▶ _INFORMATION PROVIDED_:
━━━━━━

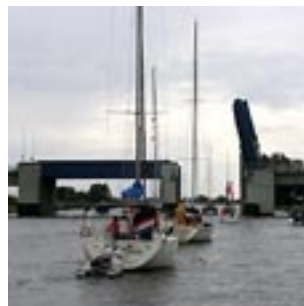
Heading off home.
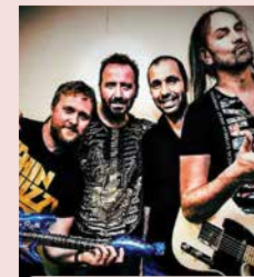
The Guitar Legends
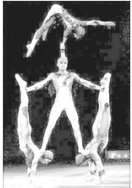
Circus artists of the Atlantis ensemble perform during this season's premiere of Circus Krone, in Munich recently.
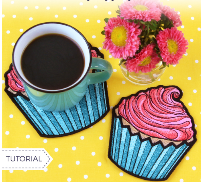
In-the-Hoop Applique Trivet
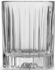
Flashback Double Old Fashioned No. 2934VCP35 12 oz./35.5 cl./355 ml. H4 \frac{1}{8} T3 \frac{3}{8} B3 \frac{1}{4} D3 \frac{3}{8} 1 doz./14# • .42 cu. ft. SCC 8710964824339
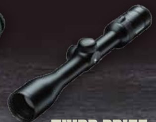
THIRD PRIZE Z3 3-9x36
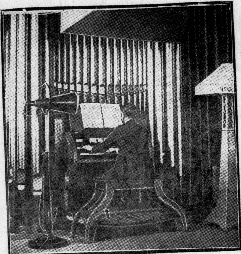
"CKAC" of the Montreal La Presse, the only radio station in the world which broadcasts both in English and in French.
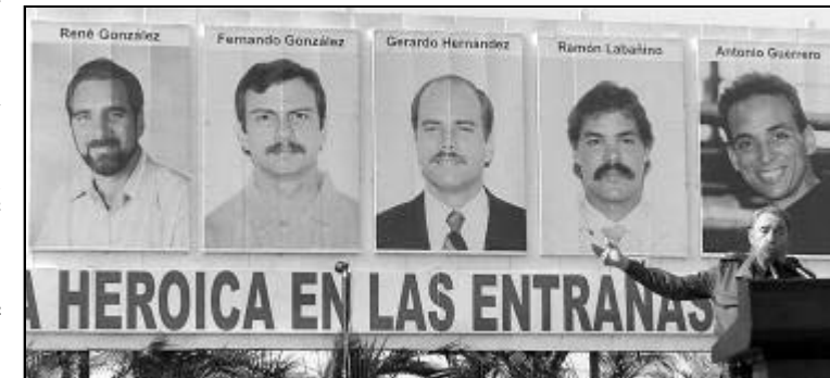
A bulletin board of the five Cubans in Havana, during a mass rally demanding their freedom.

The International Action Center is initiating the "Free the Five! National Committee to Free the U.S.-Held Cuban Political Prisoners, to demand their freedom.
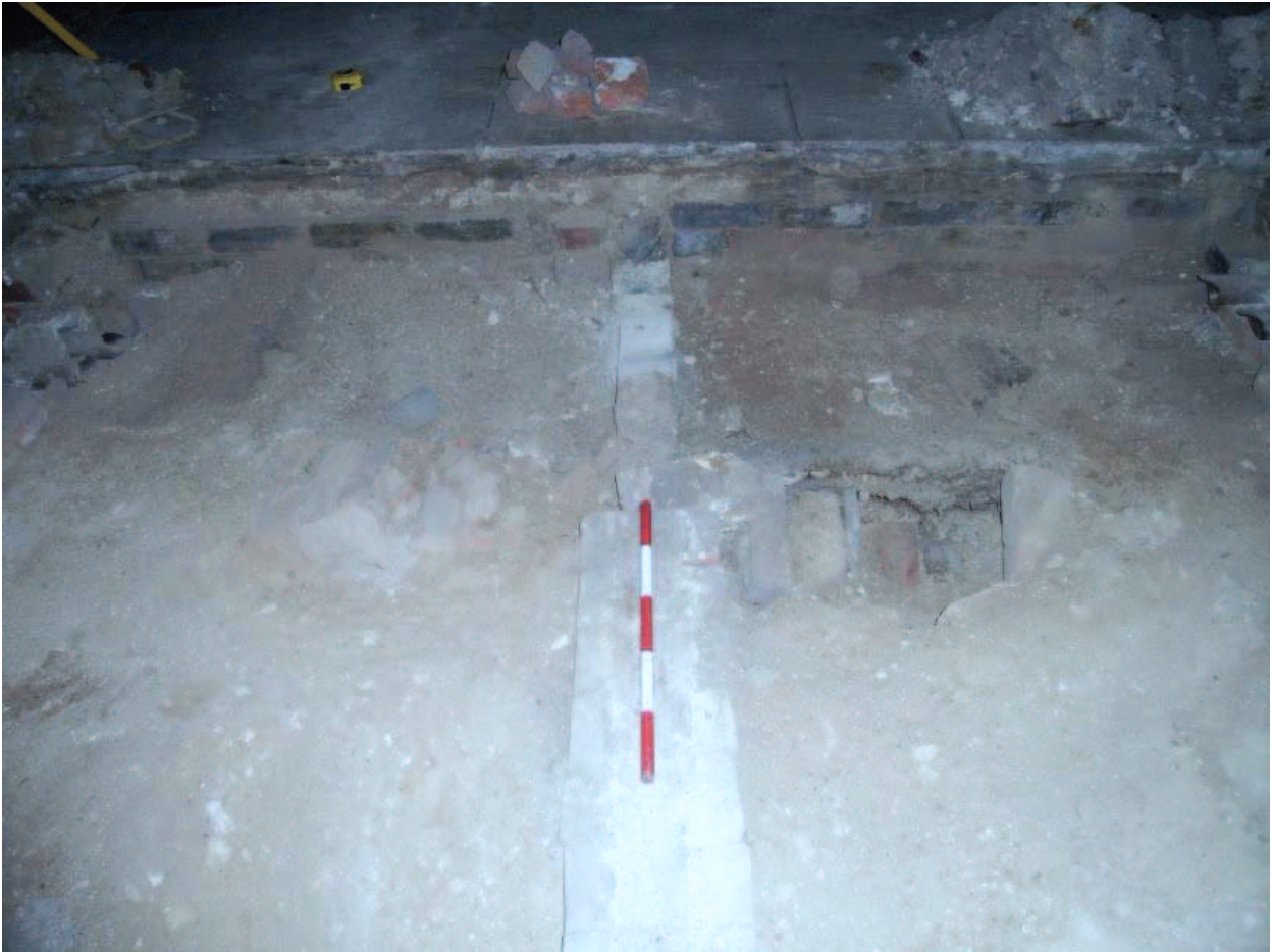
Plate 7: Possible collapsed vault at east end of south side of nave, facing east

━━━━━━

▶ _WHAT TO DO_: Please copy out the material above exactly, with the images removed.

▶ _TASK OUTPUT_:
Heading off home.
The Guitar Legends
Circus artists of the Atlantis ensemble perform during this season's premiere of Circus Krone, in Munich recently.
In-the-Hoop Applique Trivet
Flashback Double Old Fashioned No. 2934VCP35 12 oz./35.5 cl./355 ml. H4 \frac{1}{8} T3 \frac{3}{8} B3 \frac{1}{4} D3 \frac{3}{8} 1 doz./14# • .42 cu. ft. SCC 8710964824339
THIRD PRIZE Z3 3-9x36
"CKAC" of the Montreal La Presse, the only radio station in the world which broadcasts both in English and in French.
A bulletin board of the five Cubans in Havana, during a mass rally demanding their freedom.

The International Action Center is initiating the "Free the Five! National Committee to Free the U.S.-Held Cuban Political Prisoners, to demand their freedom.
Plate 7: Possible collapsed vault at east end of south side of nave, facing east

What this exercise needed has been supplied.